Spot Instances are not a different class of hardware. They are ordinary EC2 instances — the same M, C, R, and accelerated families you already use — drawn from whatever capacity a given Availability Zone has sitting idle at that moment. You pay the Spot price, which floats with supply and demand but settles far below On-Demand. The trade you make for that discount is reclaimability.
At any moment, every AWS Availability Zone has some unused EC2 capacity — servers that were provisioned for peak On-Demand demand but aren't being rented right now. Rather than let that capacity sit idle, AWS sells it as Spot at a discount. When On-Demand demand rises and AWS needs that capacity back, it reclaims your Spot instances after sending a 2-minute interruption notice. That is the entire bargain: deep discount, in exchange for the possibility of a 2-minute eviction.
How deep is the discount? It varies by instance family, region, and Availability Zone, but the steady-state range is roughly 70–90% off the equivalent On-Demand rate. A general-purpose instance that lists at $0.10/hour On-Demand commonly runs $0.02–$0.03/hour on Spot.
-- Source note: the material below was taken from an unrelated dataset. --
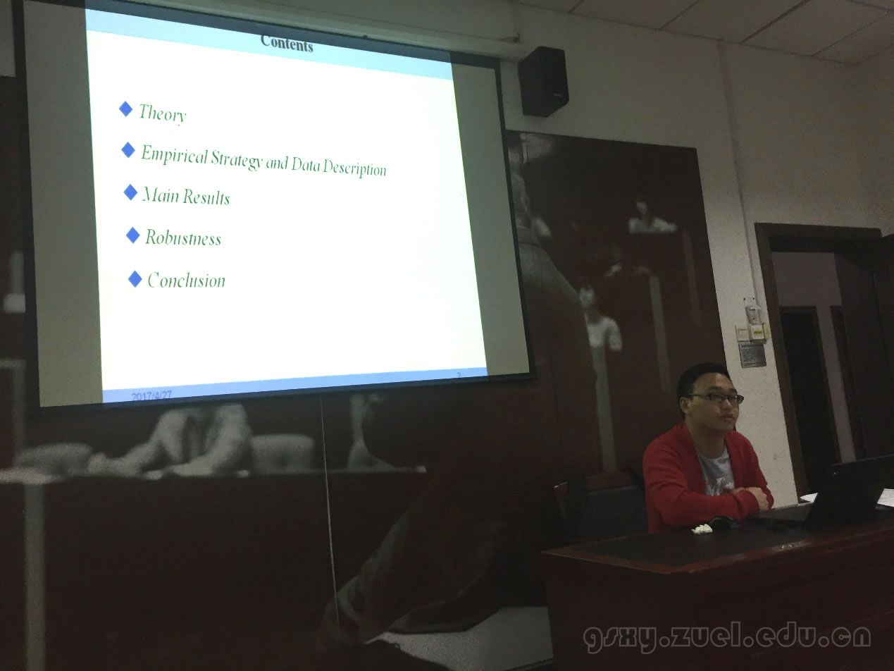 2017年4月27日晚,经济贸易系文献分享会(春季)第三期在文泉楼德鲁克会议室举行。在这次的分享中,国际贸易专业博士生王备为大家讲解了Bagwell 和Staiger于2011年发表在AER上的论文《What Do Trade Negotiators Negotiate About? Empirical Evidence from the World Trade Organization》。

Always confirm the live number in the Spot price history (EC2 console → Spot Requests → Pricing history, or the `describe-spot-price-history` API) and the Spot placement score for current rates and capacity — they move.
Two clarifications that trip people up. First, pricing is no longer an auction. Years ago you set a "max bid" and competed; today the Spot price changes gradually based on long-term supply and demand, and you simply pay the current price. You can still set a maximum price, but the right default for most workloads is to leave it at the On-Demand price (the cap) so you are never interrupted for price reasons — only for genuine capacity reclamation. Second, a "Spot pool" is one specific combination of instance type + size + Availability Zone (e.g., `c7g.xlarge` in `us-east-1a`). Reclamations happen per pool. The whole reliability game is about not depending on any single pool.
The capacity signal worth knowing is the Spot placement score: AWS scores how likely a given region or AZ is to fulfill a Spot request of a given size and shape right now. Before you commit a large Spot fleet to a region, check the placement score — it tells you whether the capacity you need actually exists where you want it.
Spot = the exact same EC2 instances you already run, at 70–90% off, with the condition that AWS can take any individual instance back on 2 minutes’ notice. Everything else in this guide is about arranging your workload so that a 2-minute eviction of one instance is a non-event.
The single decision that determines whether Spot saves you money or causes an incident is workload fit. The question is never "is this important?" — plenty of important workloads run beautifully on Spot. The question is: "if one instance vanishes in 2 minutes, does the work survive?" If yes, it is a Spot candidate. If a lost instance means lost data or a hard outage with no graceful recovery, keep it off Spot.
Below is the practitioner's split. The "safe" column is not theoretical — these are the workloads that companies run on Spot at 60–90% Spot mix in production every day. The "not safe" column is the set where the 2-minute notice is genuinely not enough, or where the state lost on eviction is irreplaceable.
Stateless web / API tiers behind a load balancer. If a request can be retried against another healthy instance and no session state lives only in local memory, a fleet of Spot instances behind an ALB or NLB is ideal. On eviction, the target is drained and traffic shifts to surviving instances. Keep session state in ElastiCache, DynamoDB, or sticky-but-replicated storage — not on the box.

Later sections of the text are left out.